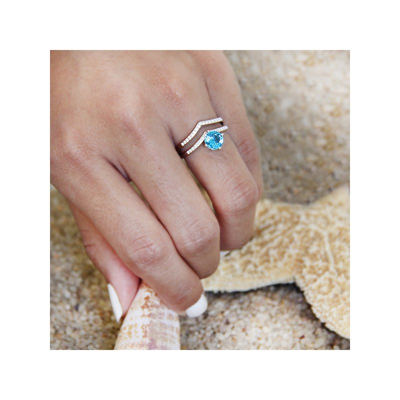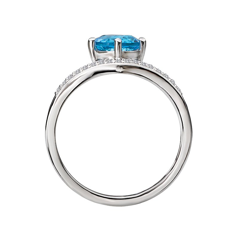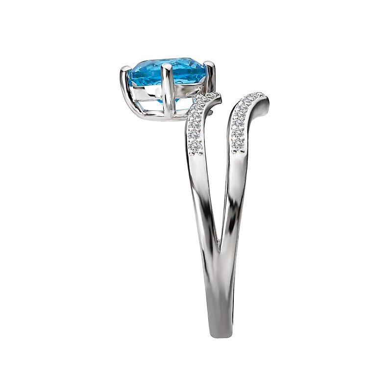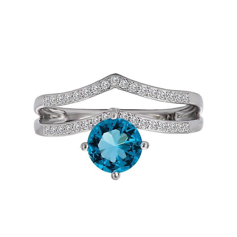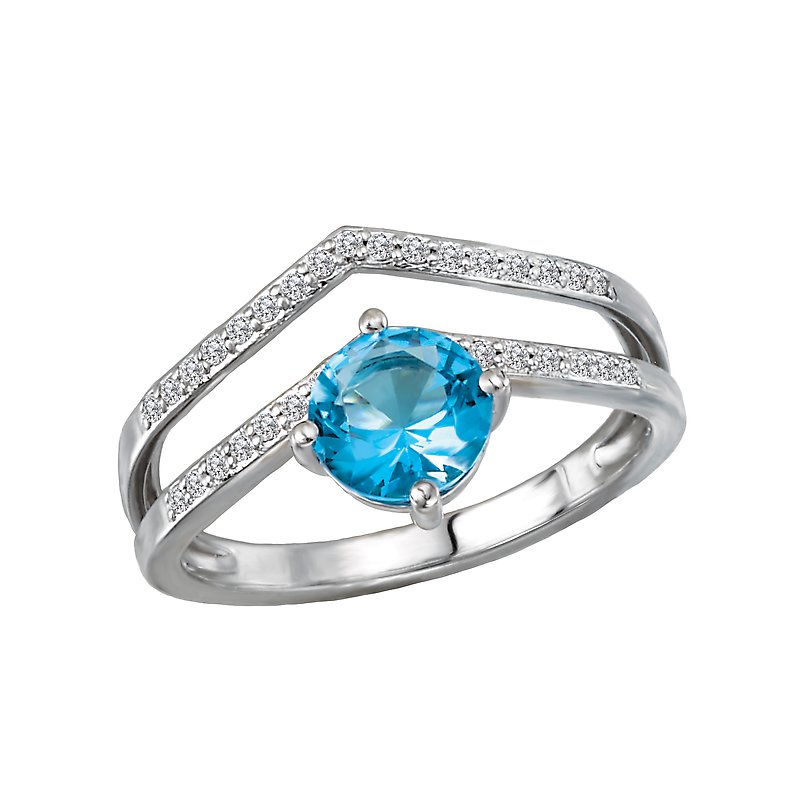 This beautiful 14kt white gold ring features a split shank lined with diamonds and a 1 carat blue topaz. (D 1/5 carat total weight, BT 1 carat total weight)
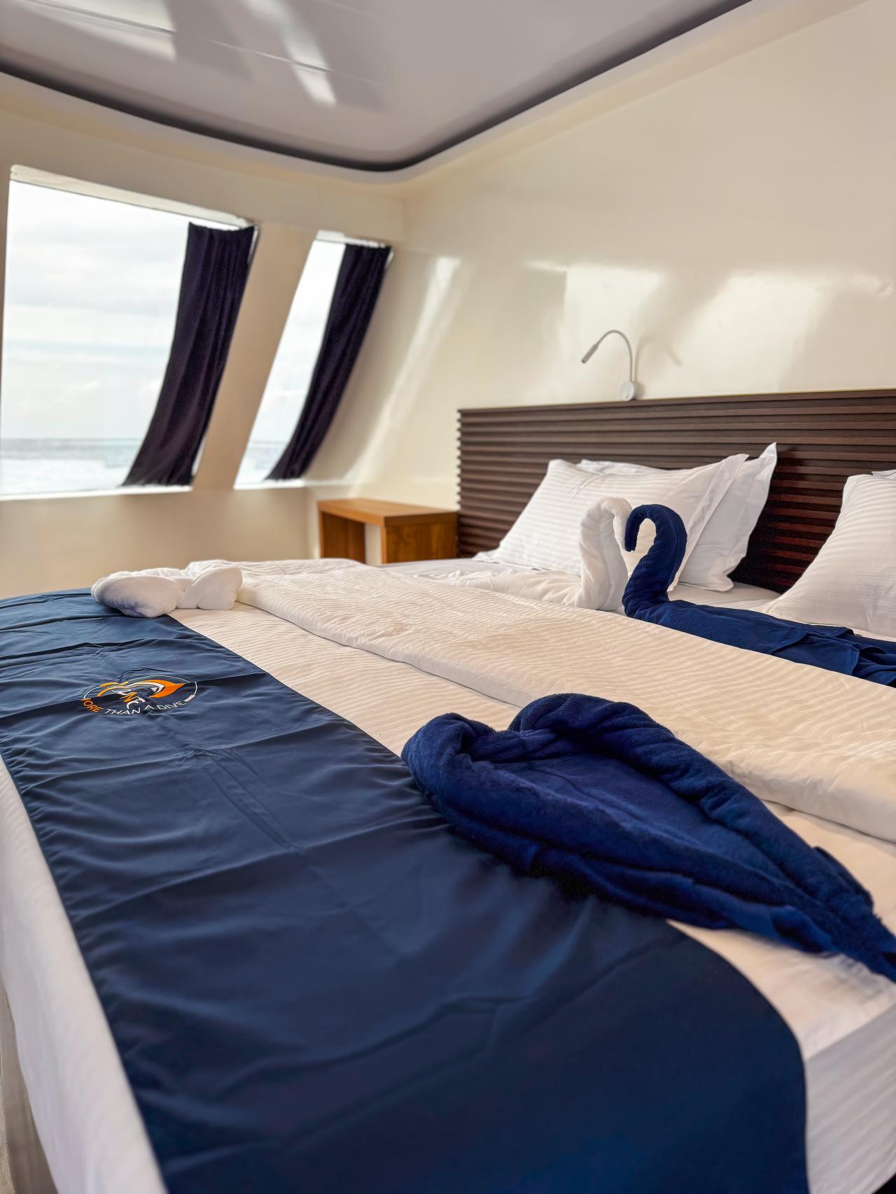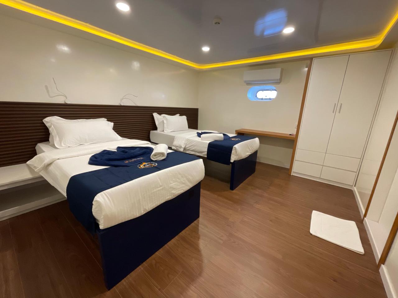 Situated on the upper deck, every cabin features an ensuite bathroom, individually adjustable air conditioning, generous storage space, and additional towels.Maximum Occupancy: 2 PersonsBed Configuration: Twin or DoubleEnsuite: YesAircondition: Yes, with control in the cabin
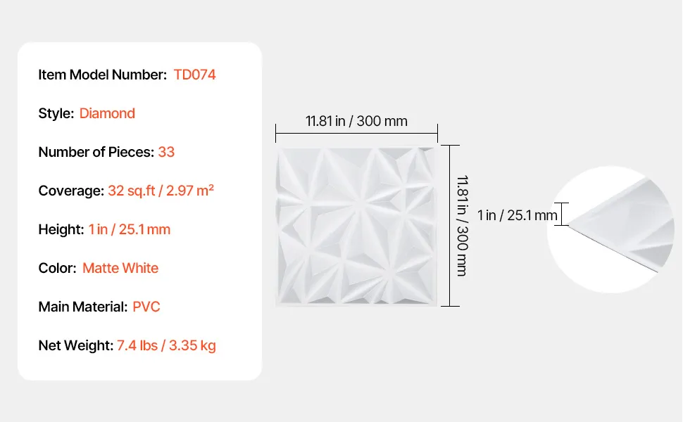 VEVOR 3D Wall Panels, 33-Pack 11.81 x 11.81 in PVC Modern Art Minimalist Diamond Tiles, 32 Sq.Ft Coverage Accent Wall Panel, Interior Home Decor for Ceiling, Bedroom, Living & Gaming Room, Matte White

Problem requirements: Repeat all of the data above word for word, minus the pictures.

Expected answer:
 This beautiful 14kt white gold ring features a split shank lined with diamonds and a 1 carat blue topaz. (D 1/5 carat total weight, BT 1 carat total weight)
 Situated on the upper deck, every cabin features an ensuite bathroom, individually adjustable air conditioning, generous storage space, and additional towels.Maximum Occupancy: 2 PersonsBed Configuration: Twin or DoubleEnsuite: YesAircondition: Yes, with control in the cabin
 VEVOR 3D Wall Panels, 33-Pack 11.81 x 11.81 in PVC Modern Art Minimalist Diamond Tiles, 32 Sq.Ft Coverage Accent Wall Panel, Interior Home Decor for Ceiling, Bedroom, Living & Gaming Room, Matte White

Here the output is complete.